TRY IT: Copy word for word the lines of the records below, beginning at the one with "SONGMICS HOME Runner" and finishing at the one with "米子旗夏季款polo领纯色T恤女短款修身短袖上衣 607322", ends included, but none of the pictures.

EXTRACTED DATA:
== Segment start ==

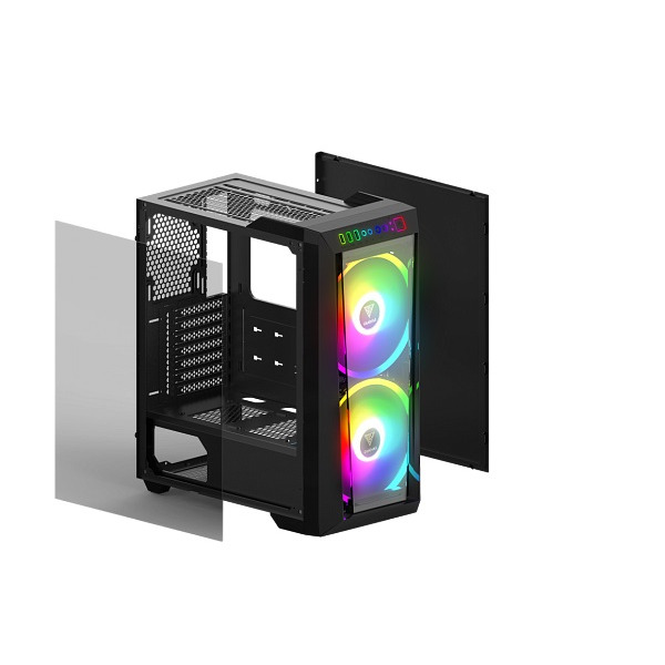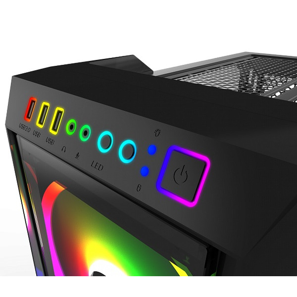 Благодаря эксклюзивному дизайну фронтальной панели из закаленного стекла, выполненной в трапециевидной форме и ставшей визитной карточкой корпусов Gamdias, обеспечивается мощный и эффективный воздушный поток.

== Segment end ==
== Segment start ==

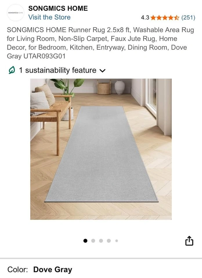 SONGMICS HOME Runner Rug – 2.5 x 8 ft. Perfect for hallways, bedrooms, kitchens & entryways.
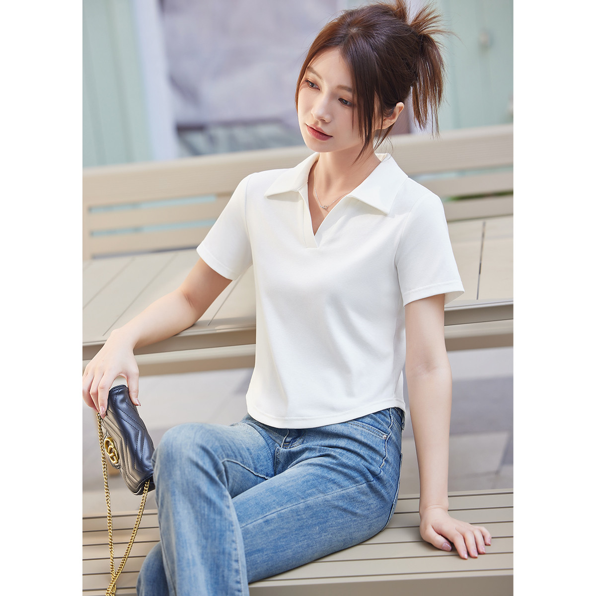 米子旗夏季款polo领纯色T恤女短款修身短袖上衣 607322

== Segment end ==

PROBLEM SOLUTION:
 SONGMICS HOME Runner Rug – 2.5 x 8 ft. Perfect for hallways, bedrooms, kitchens & entryways.
 米子旗夏季款polo领纯色T恤女短款修身短袖上衣 607322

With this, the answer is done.